I watch him from across the street, from reflections in windows, from corners of rooms he never notices.

By late afternoon, I've got him completely figured out.

And by nighttime, I'm more than ready to get rid of him.

There's no guilt. No second-guessing. There never fucking was.

I'd kill a thousand men like Henri if it meant getting to them.

It's time.

Back in the alley across from his building, I pull the balaclava over my head. The disguise feels right. My breathing slows and the world sharpens into focus.

This is the part of me that doesn't hesitate. The part that enjoys what's about to happen.

Henri's door has a cheap lock. It gives in under ten seconds. I slip inside and ease it shut behind me, moving like a shadow.

Henri sits on the couch, beer balanced on his knee, the television washing his face in bright light.

For a moment, I just watch him exist. Take note of his expressions and the way he breathes.

This is the body Calder chose to put between me and my family. The hands meant to escort her. The mouth meant to say her name.

That was never going to happen.

I hate Keira for what she did. For the lies. For the silence. For hiding my son and carving me out of his life like I was disposable. The hatred sits deep and hot and doesn't go away.

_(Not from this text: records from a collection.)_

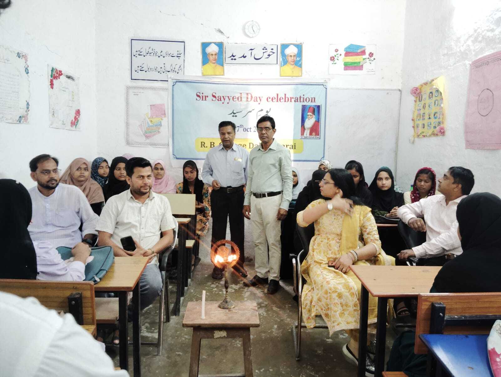 दलसिंहसराय . स्थानीय आरबी कॉलेज के उर्दू विभाग की ओर से सर सैयद अहमद खां की जयंती मनायी गयी. इस मौके पर प्रधानाचार्य डॉ वीरेंद्र कुमार चौधरी की अध्यक्षता में क्विज प्रतियोगिता आयोजित की गयी. इसमें उर्दू विभाग के छात्र-छात्राओं ने भूमिका निभाई. संचालन के लिए छात्रों को चार ग्रुप ए, बी, सी और डी में बांटा गया था. यह सैयद अहमद खां के व्यक्तित्व एवं कृतित्व पर केंद्रित था. प्रतियोगिता में ग्रुप बी ने प्रथम स्थान प्राप्त किया. इसमें आइसा परवीन, शाहीन फिरदौस, सादिया कसफ व अंशु कुमारी शामिल थी. द्वितीय स्थान पर ग्रुप ए रहा. जिसमें आइसा खातून, रुखसाना नफीस, मो. वसीम अकरम एवं मो. तबरेज शामिल थे. ग्रुप डी ने तृतीय स्थान प्राप्त किया. जिसमें गुलफशा परवीन, गुलशन परवीन, नजराना परवीन एवं समा परवीन शामिल थे. प्राध्यापक डॉ महताब आलम खान ने कार्यक्रम की विधिवत शुरुआत करते हुए सर सैयद अहमद खान के व्यापक संदेश को छात्रों के सामने प्रस्तुत करते हुए इस कार्यक्रम की रेखा से छात्रों को अवगत कराया. मौके पर हिंदी विभागाध्यक्ष डॉ सुनील कुमार सिंह, उर्दू विभाग के विभागाध्यक्ष डॉ सबा मामून रहमानी, डॉ मुकेश कुमार झा, डॉ कुतुबुद्दीन अंसारी व अंग्रेजी विभाग से शिवानी प्रकाश उपस्थित थे.
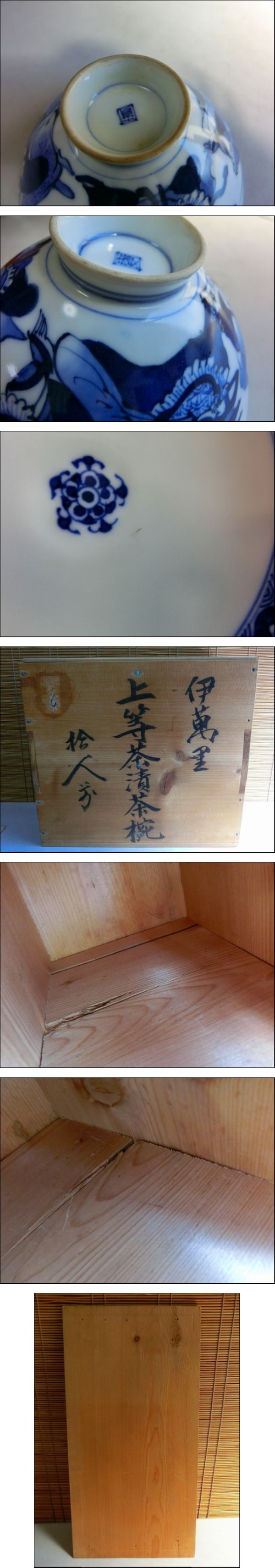 めD8S 蓋付茶碗 伊万里 染付 10客 『伊萬里 上等茶漬茶碗 拾人揃』 共箱 骨董 美術品 アンティーク 時代物 年代物 七福神 收藏
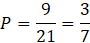 Jest 21 przyborów do pisania. Przyborów piszących na czerwonych jest 9. Prawdopodobieństwo wyjęcia przyboru piszącego na czerwono jest równe
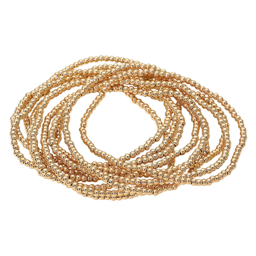 Details • Size : 1" H • Stretchable • Multi-strand beaded stretch bracelet set featuring sleek metallic mini beads. Lightweight and stackable, perfect for everyday wear or layering with other styles for a trendy look. • Lead and Nickel Compliant

But it doesn't change the truth.

She's still mine.

Mine to hunt.

Mine to ruin.

Mine to save.

Mine to take back piece by piece until there's nothing left of the asshole who thought he could keep her.

I'm so close now I can taste it.

The floorboard creaks beneath my weight and Henri hears it. He turns just enough to register the shape of me, but I'm already behind him.

His neck snaps with a sharp crack, barely disturbing the room as his body goes completely limp. The television keeps talking as I let him slump forward onto the couch, head lolling to the side like he just dozed off.

I pull out my phone and snap a photo of his face. Then I grab him by the collar and drag him toward the bathroom, his dead weight scraping across the floor.

The bathtub will do.

And in less than twenty-four hours, I'm walking onto that tarmac in Lyon wearing his name, his face, his life.